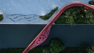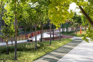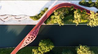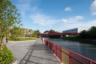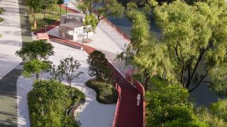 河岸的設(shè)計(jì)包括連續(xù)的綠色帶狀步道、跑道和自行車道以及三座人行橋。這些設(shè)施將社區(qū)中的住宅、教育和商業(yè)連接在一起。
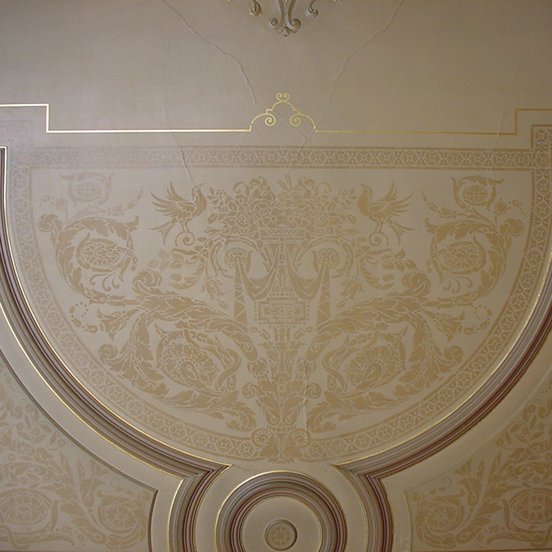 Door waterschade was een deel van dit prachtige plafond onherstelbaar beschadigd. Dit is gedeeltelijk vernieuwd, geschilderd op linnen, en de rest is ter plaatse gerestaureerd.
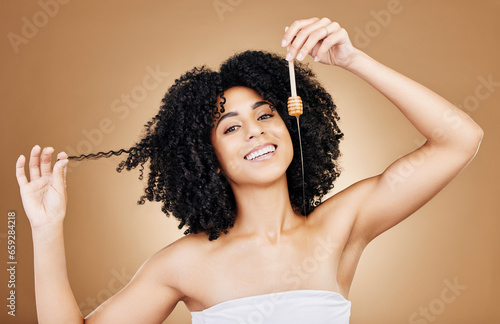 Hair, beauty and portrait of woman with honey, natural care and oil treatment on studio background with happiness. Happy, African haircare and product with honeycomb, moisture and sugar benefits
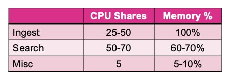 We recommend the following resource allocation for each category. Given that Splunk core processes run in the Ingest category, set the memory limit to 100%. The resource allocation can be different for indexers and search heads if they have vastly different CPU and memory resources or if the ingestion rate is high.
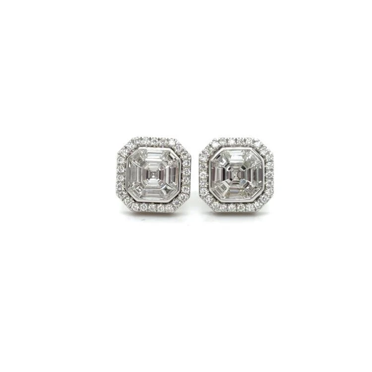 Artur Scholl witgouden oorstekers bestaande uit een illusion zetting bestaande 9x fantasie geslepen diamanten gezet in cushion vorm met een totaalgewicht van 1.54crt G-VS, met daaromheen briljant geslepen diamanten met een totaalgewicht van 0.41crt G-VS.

## ASSIGNED TASK
Make an exact copy of the lines from the top of the material through the line with "We recommend the", pictures excluded.

## RESULT BELOW
 河岸的設(shè)計(jì)包括連續(xù)的綠色帶狀步道、跑道和自行車道以及三座人行橋。這些設(shè)施將社區(qū)中的住宅、教育和商業(yè)連接在一起。
 Door waterschade was een deel van dit prachtige plafond onherstelbaar beschadigd. Dit is gedeeltelijk vernieuwd, geschilderd op linnen, en de rest is ter plaatse gerestaureerd.
 Hair, beauty and portrait of woman with honey, natural care and oil treatment on studio background with happiness. Happy, African haircare and product with honeycomb, moisture and sugar benefits
 We recommend the following resource allocation for each category. Given that Splunk core processes run in the Ingest category, set the memory limit to 100%. The resource allocation can be different for indexers and search heads if they have vastly different CPU and memory resources or if the ingestion rate is high.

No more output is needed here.